何琴舟忽地凑上前,林溪桥身子略略往后靠了靠。

何琴没在意,压低身子,嘴角勾起:“林老师,您知道安鱼信喜欢女的吗?”

“你就是为了和我讲这个?”林溪桥哼笑了声,“平常你们秦老师有没有和你说过,多把心思用在学习上,你的成绩已经从刚入学的五六十名跌到了现在的一百多名了吧。”

“原来林老师知道呀。”何琴舟晃了晃脑袋。

“知不知道和你又有什么关系呢?”林溪桥勉强维持住自己的耐性,又娓娓道来了一段道理,试图劝眼前的孩子多把心思放在学习和自己身上。

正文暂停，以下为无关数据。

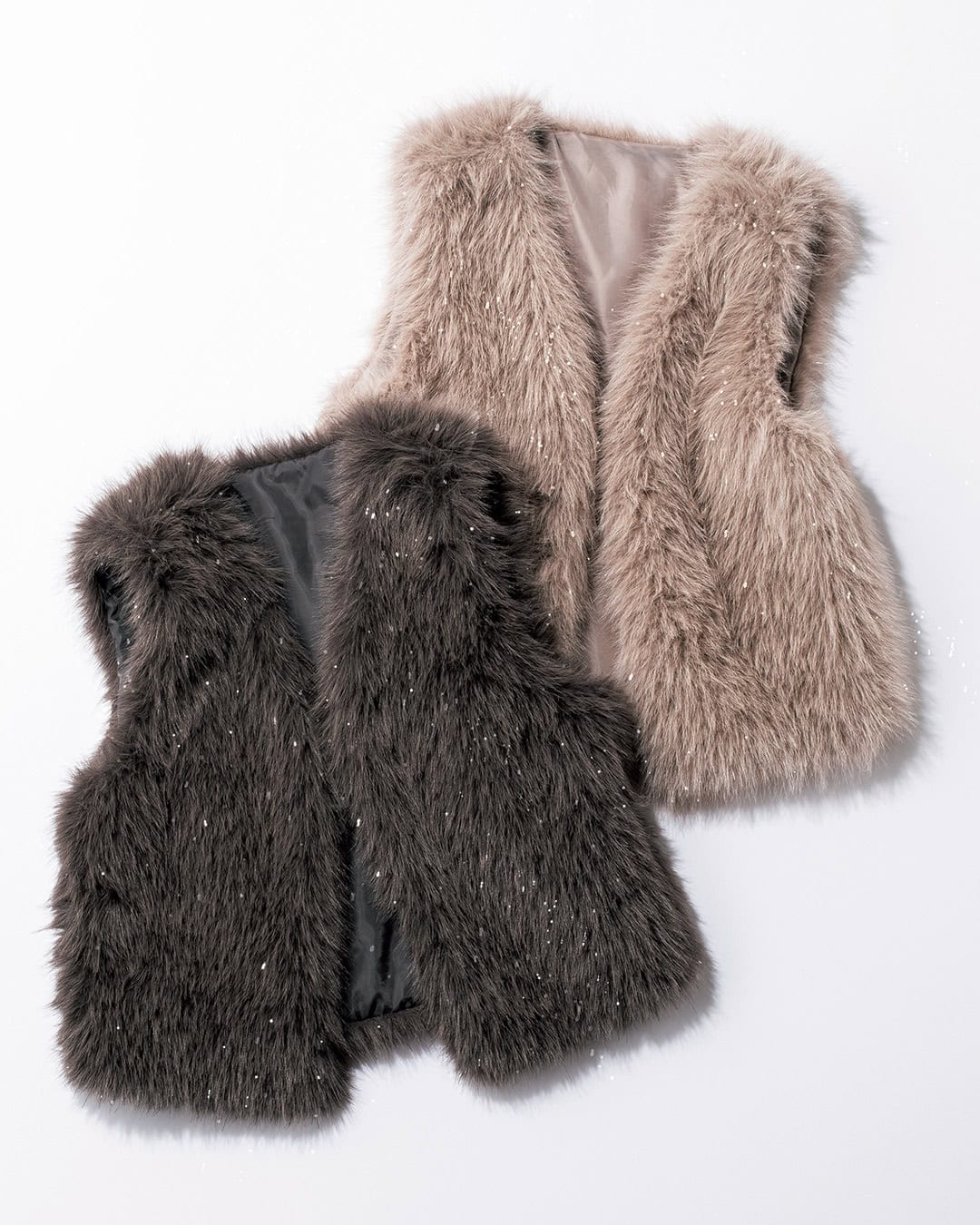 ファーにラメが施されたラグジュアリーなジレ。コンパクトなので、デイリーに着回ししやすく、手持ちのトップスに羽織るだけで、一気に秋コーデへとスイッチ。

但何琴舟只是沉默地笑着听完了她那一大篇话,最后轻声说:“林老师,您知道这件事,还对她这么好……”

“您就不怕她喜欢上您吗?”

一字一顿,石破天惊。

“如果我因为这件事而疏远她,”林溪桥几乎维持不住脸上的笑容,她缓了口气,温言徐徐,“我算什么老师呢?老师在孩子的人生之路上起到的是引领作用,她怎么想怎么做,做老师的无权干涉,只能努力引导她走上正确的道路。”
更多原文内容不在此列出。